I'm looking at house insurance again (always fun) and now that I'm gong to be working from home I'm wondering what the correct answer to the question about business use.
I've spoken to a agent about it but they kept saying that as I'm self-employed I need to say it's clerical use.
But as I'm employed by another company (directly, full-time) that's not the case..

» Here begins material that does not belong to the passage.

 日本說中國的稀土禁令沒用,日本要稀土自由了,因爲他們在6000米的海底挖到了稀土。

So has any one got any ideas?
Also what does it give and cover for the extra 100 quid a year?
Cheers
Dan


----------



## centenary (Sep 5, 2010)

dreaddan said:


> I'm looking at house insurance again (always fun) and now that I'm gong to be working from home I'm wondering what the correct answer to the question about business use.
> I've spoken to a agent about it but they kept saying that as I'm self-employed I need to say it's clerical use.
> But as I'm employed by another company (directly, full-time) that's not the case..
> 
> ...


My advice about insurance is declare all to them. Do not fail to disclose, be economical with the truth or plain lie.

This may save you a few quid when you dont have to claim but if you do need to claim, they could refuse to pay out or pay a much reduced amount.

Beep, beep :driver:


----------



## Mirror Finish Details (Aug 21, 2008)

In a previous life I worked from home in sales. I rang Churchill to declare it and it made no difference to my policy. As long as I was employed by my company rather than self employed.

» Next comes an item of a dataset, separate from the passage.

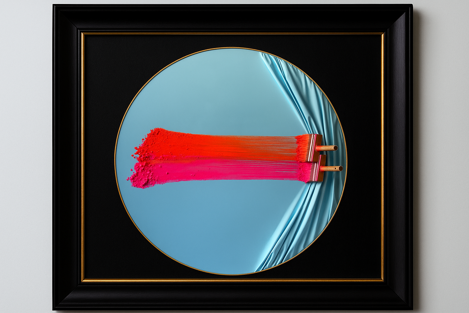 Chromatic Flow from the Creativity Wall Arts Collection is a celebration of fluid movement and vibrant energy, captured in an elegant circular composition. This striking framed piece features two brushes sweeping a radiant gradient of electric orange and hot pink across a silky blue backdrop, as if colour itself is being poured into motion. The satin-like folds echo ripples of water, enhancing the sensation of continuous flow. The round frame within a sleek black border with gold trim gives the work a refined gallery presence, balancing luxury with bold creativity. Perfect for high-end interiors, art studios, or innovative workspaces, Chromatic Flow symbolizes the birth of ideas, the fusion of opposites, and the courage to colour outside the lines. It is ideal for collectors, designers, and visionaries seeking a vibrant centrepiece that enlivens contemporary spaces with beauty, dynamism, and optimism.

As long as you are not manufacturing anything most policies cover you for occasional working from home.

Or if all else fails keep quiet, if your just there using the phone and computer a few days a week what difference is that to what we all do most evenings.


----------



## Shiny (Apr 23, 2007)

most insurers should be ok with occasional clerical business use from home, as long as there are no business visitors.

if they are asking for another £100, that will most likely be for a full on home workers extension which covers liabilities, business contents etc which you don't really need as your employers should be covering all that.


----------



## dreaddan (Mar 9, 2007)

cheers, I've allways declared everything. the places who charged a extra 100 or so couldnt tell me what that provides - even if it was just due to increased risk!
Lloyd it's perminent working from home. Do you guys do home insurance?


----------



## Shiny (Apr 23, 2007)

We do indeed.


----------



## dreaddan (Mar 9, 2007)

cool I'll give you a bell tomorrow


----------



## M.M (Feb 28, 2009)

Shiny do you do car insurance for 18 year olds that can be paid in beer?:lol:


----------